Share via


A distributed systems' logical data model

There's lots of different ways to describe data.  I've seen data models that attempt to describe, conceptually, all of the data relationships for lines of business, marketing programs, fulfillment programs, etc.  Conceptual data models are useful, primarily because they give you a starting point to work with the business to first understand, and then communicate, how the data can represent the business' requirements.

Normally, when creating a system, we drop down to a logical data model for that system.  We indicate the "data on the inside" and the "data on the outside".  Effectively, the diagram starts with a large 'box'.  Inside the box are entities needed by the application.  Outside are the entities that come from somewhere else but are referenced by the application.

One challenge, however, that appears to be stumping one of my team mates is how to create the conceptual model when there is not one system, but two or three systems that communicate.  Effectively, we are talking about a distributed system, with distributed data.  The data is not distributed because of geography, but rather in order to foster loose coupling.

This is a different way to look at the design of a system than is typically seen, but I feel pretty strongly that it is an important aspect, and one that we need to be fairly formal about.

I approach the systems from the standpoint of the business processes first, and the use cases second.  For example, if you are creating a system that facilitates the creation of a standard business contract, it is entirely reasonable to break down the process into steps, where each step is performed by different roles. 
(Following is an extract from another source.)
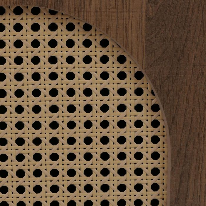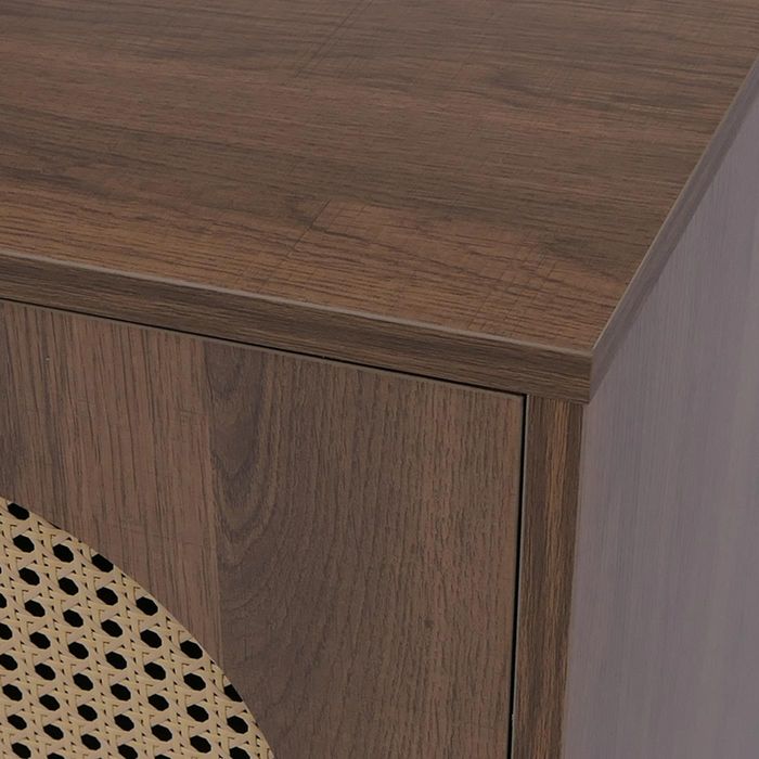 - Die Kommode kombiniert modernes Design mit hoher Funktionalität. Die kratzfeste, wasserabweisende Melamin-Oberfläche und die Türen mit dekorativem Poly-Rattan-Einsatz bieten zwei Ablagefächer für grosszügigen Stauraum im Wohnbereich.

First step would be to define a marketing or fulfillment program that the contract will be tied to.  Second would be to create legal clauses that can be fit into the document.  Third would be to create a template with rules for how the clauses are to be assembled for the particular contract type, and fourth would be to create the contract itself.  Different people perform each step.  Each step has distinct responsibilities.  You could, if you wish, create a seperate system for each.  In a SOA world, I think that you would create a set of services for each.

Each set of services is, in itself, an independent system.  In order to remain decoupled, the data may be referential, but not coupled.  Therefore, you may need to add a customer before you add an invoice, but there is NO reason that adding a customer should create data records directly in the order management database (I'm being a purist... Master Data Management is the 'reality' behind this situation).
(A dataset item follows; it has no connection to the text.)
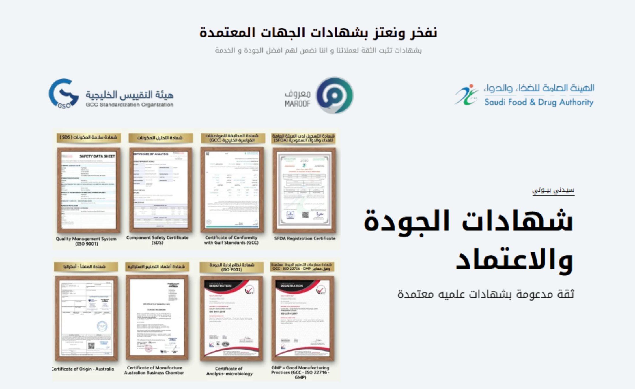 الشهادات ومعايير الجودة التى تلتزم بيها سيدني بيوتي

So, if you are a developer who is used to creating a database with every bit of data that you think you will need in it, it can be quite a change to create not one, but many databases, bound together by master data that is copied locally on demand, and kept up to date by a cache engine (MDM).
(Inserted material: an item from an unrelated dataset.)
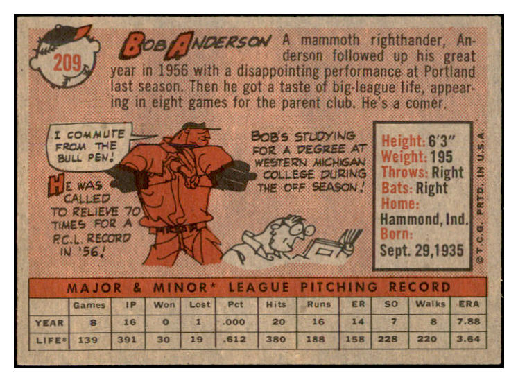 1958 Topps Baseball #209 Bob Anderson Cubs EX-MT 535779

Now, take one of those developers and ask him or her to create a data model that illustrates not "data on the inside" but "data in each room".  That requires a different kind of thinking... because now, the problem of 'master data' becomes visible (and a little painful).

In this model, the Product data is brought across both for invoices and for shipments, but is it really the Product data that is in the shipments, or is it product and lot data.  In other words, it is one thing to ask "who did we ship soap to," and another thing altogether to ask "who did we ship Lot 41 of tainted beef to?"

This distinction, between product and lot, becomes particular visible when you model your systems this way, but more importantly, you can see the lines that cross the boundary between systems, and you can place services on each line: get product, get lot, get invoice, get shipment

When designing the database, you will need to use a replication or cache or transactional store to insure referential integrity.